Her Wellingtons squelched as she shifted within the sodden indents of the manicured lawn. She tucked a stray wisp of white blond hair back under her bandanna and straightened her gloves, ready to work. With a resolute nod, she stomped forward through the wet morning into the shade of the trees. She had nothing to fear here. She was an adult, experienced in forestry and ready to respect the biodiversity that lay before her. The forest would be her friend once more, if not on a magical plane, then on a basic, fundamental one.
Gillian crouched low and picked at blistering bark at the exposed root of an old oak, exposing dark sap. Even the soil around the base of the trunk had a fetid stench, something completely foreign to her sensory memory of the wood. The scent she remembered was earthy and green, this had a touch of hot garbage. There was some sort of disease at play she hadn’t seen before; never in her research or hands-on work with the department of forestry in Flagstaff, Arizona. She took a few photographs of the decay, a sample of the staining sap, and made a note of the location for her report.
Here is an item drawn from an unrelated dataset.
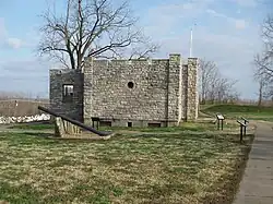 The fort was saved from development in the early 20th century. The earthworks were repaired by the Works Progress Administration during the 1930s. The stone blockhouse was also built by the WPA in 1936 and has been used for various purposes since.[6] The fort was listed on the National Register of Historic Places in 2019.

So much and so little had changed in the wood at Bailey Towers since she’d left. Expansion of the hotel itself meant the forest served as inexpensive waste disposal for the blasted limestone from the hillside. Still, with piles of rubble haphazardly dumped without regard to the growth in the wood, life flourished. If she hadn’t remembered so exactly the paths and rises, she might not have even noticed the dumping ground. Now covered in ivy, ferns, and rampant holly bushes, the rubble blended in. The forest had claimed it with the most basic of motives—life. Now something threatened that life.
Closing her eyes, she tried to remember that sense of connection from all the years past. Silence surrounded her, the intensity of it punctuated by the light thrumming of drizzle on the canopy above. She shook her head and continued her trek back toward temporary shelter from the increasing spring rain. Bluebells, vibrant drops of sky scattered throughout the thick green carpet of the forest, swayed and bobbed in the wake of her passing. This was how she remembered the wood, vibrant and glorious.